Your assignment: Without its pictures, the listing below is to be transcribed exactly.

Data shown:

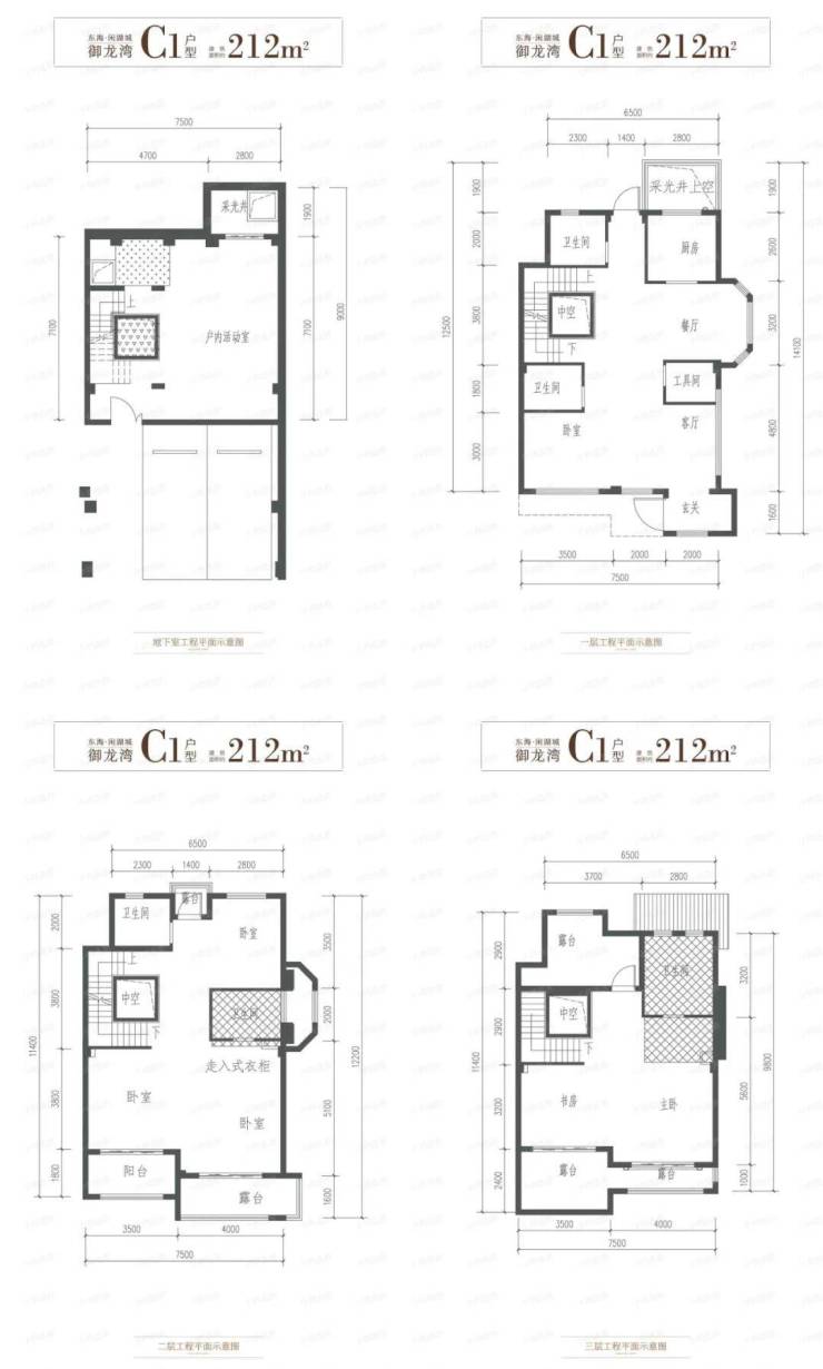 【户型面积】:约171㎡、约195㎡、约212㎡、约243㎡
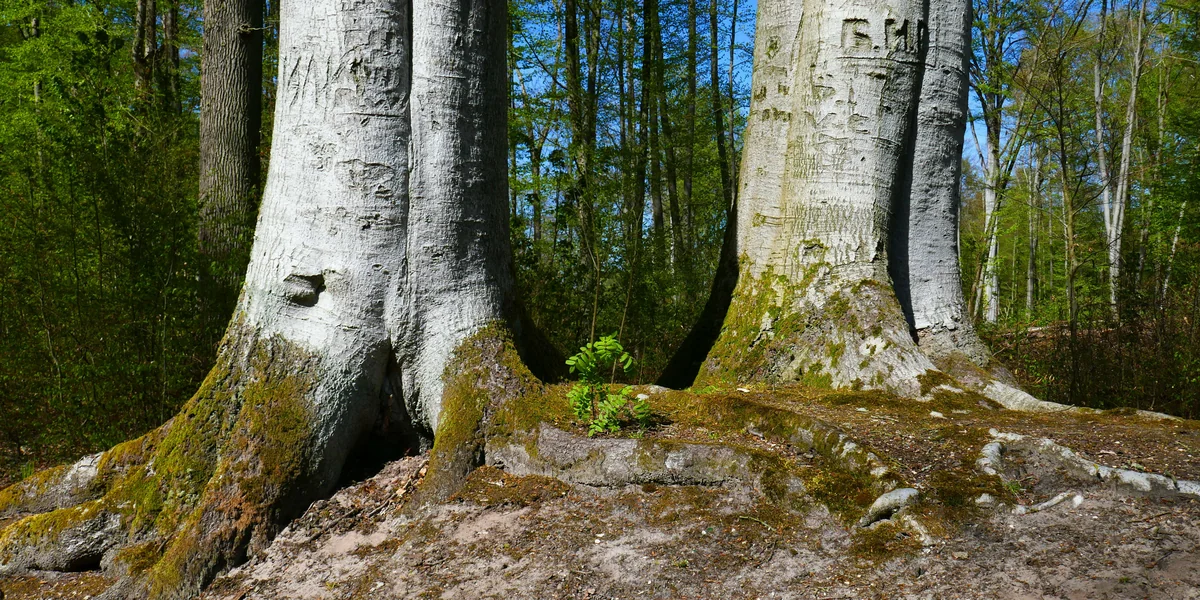 Bei einem Spaziergang durch den Ruheforst werden wir auf einer kleinen Anhöhe fündig. Dort wächst eine stattliche Buche, die zu dieser Jahreszeit so kahl wie der Kopf meines verstorbenen Vaters ist. Ganz in ihrer Nähe stehen zwei kleinere Bäume, die sich fast schon Schutz suchend an sie lehnen. Irgendwie familiär, das Bild, denke ich. Damals bin ich aber noch viel zu aufgewühlt, um die Schönheit dieses Waldes zu erkennen, seine sanften Hügel, die lieblichen Bachläufe zwischen den Bäumen, die Buschwindröschen.
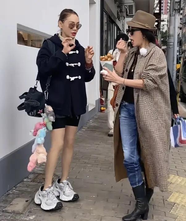 張柏芝和寧靜合影的時候,倆人雖然都穿着短褲,但寧靜直接光腿、看着就瑟瑟發抖。而且張柏芝打底褲+堆堆襪+牛仔短褲,像是裹了三層的麪包圈,瞬間回到千禧年代。

Response area:
 【户型面积】:约171㎡、约195㎡、约212㎡、约243㎡
 Bei einem Spaziergang durch den Ruheforst werden wir auf einer kleinen Anhöhe fündig. Dort wächst eine stattliche Buche, die zu dieser Jahreszeit so kahl wie der Kopf meines verstorbenen Vaters ist. Ganz in ihrer Nähe stehen zwei kleinere Bäume, die sich fast schon Schutz suchend an sie lehnen. Irgendwie familiär, das Bild, denke ich. Damals bin ich aber noch viel zu aufgewühlt, um die Schönheit dieses Waldes zu erkennen, seine sanften Hügel, die lieblichen Bachläufe zwischen den Bäumen, die Buschwindröschen.
 張柏芝和寧靜合影的時候,倆人雖然都穿着短褲,但寧靜直接光腿、看着就瑟瑟發抖。而且張柏芝打底褲+堆堆襪+牛仔短褲,像是裹了三層的麪包圈,瞬間回到千禧年代。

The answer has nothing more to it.